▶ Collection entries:
----
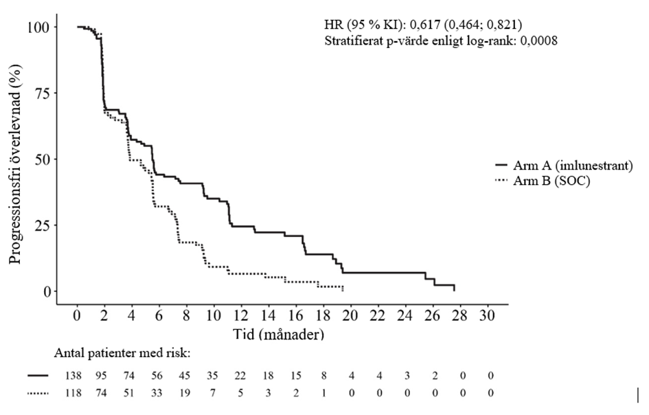 Vid den tredje interimsanalysen av OS (brytdatum 18 augusti 2025) observerades 128 händelser i de två armarna. HR var 0,60 (95 % KI: 0,43; 0,86).
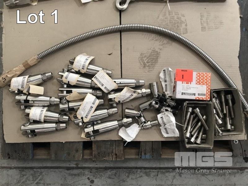 12 x S/S TERMINAL ASSEMBLIES, 5/8", 3 x S/S UNIVERSAL JOINTS & 2 x BOXES HEX BOLTS, M18
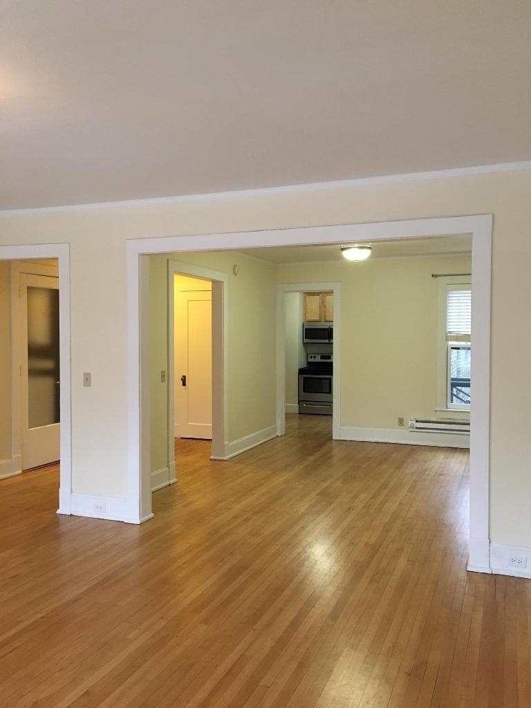 This particular main level unit is 1220 sq ft with 2 bedrooms on the main level, a huge living room, a formal dining area, a fully gutted and renovated kitchen, a charming renovated bathroom with gorgeous claw-foot tub, and many other character accents.
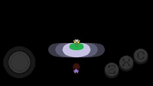 从失足处往右边那扇门走去,会撞见一朵名叫花儿的花。它表面和善,内里却藏着坏心思,想用带着爱意形状的力量伤害你。好在遗迹的守护者Toriel很快赶到,把花儿赶跑了,还答应带你走出这片地下空间。
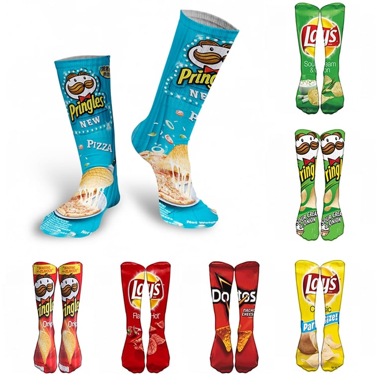 High 3D socks with several designs of famous potato crisps
----
▶ Assigned task: When repeating the entries, leave out every picture and keep the rest exact.

▶ Written response:
 Vid den tredje interimsanalysen av OS (brytdatum 18 augusti 2025) observerades 128 händelser i de två armarna. HR var 0,60 (95 % KI: 0,43; 0,86).
 12 x S/S TERMINAL ASSEMBLIES, 5/8", 3 x S/S UNIVERSAL JOINTS & 2 x BOXES HEX BOLTS, M18
 This particular main level unit is 1220 sq ft with 2 bedrooms on the main level, a huge living room, a formal dining area, a fully gutted and renovated kitchen, a charming renovated bathroom with gorgeous claw-foot tub, and many other character accents.
 从失足处往右边那扇门走去,会撞见一朵名叫花儿的花。它表面和善,内里却藏着坏心思,想用带着爱意形状的力量伤害你。好在遗迹的守护者Toriel很快赶到,把花儿赶跑了,还答应带你走出这片地下空间。
 High 3D socks with several designs of famous potato crisps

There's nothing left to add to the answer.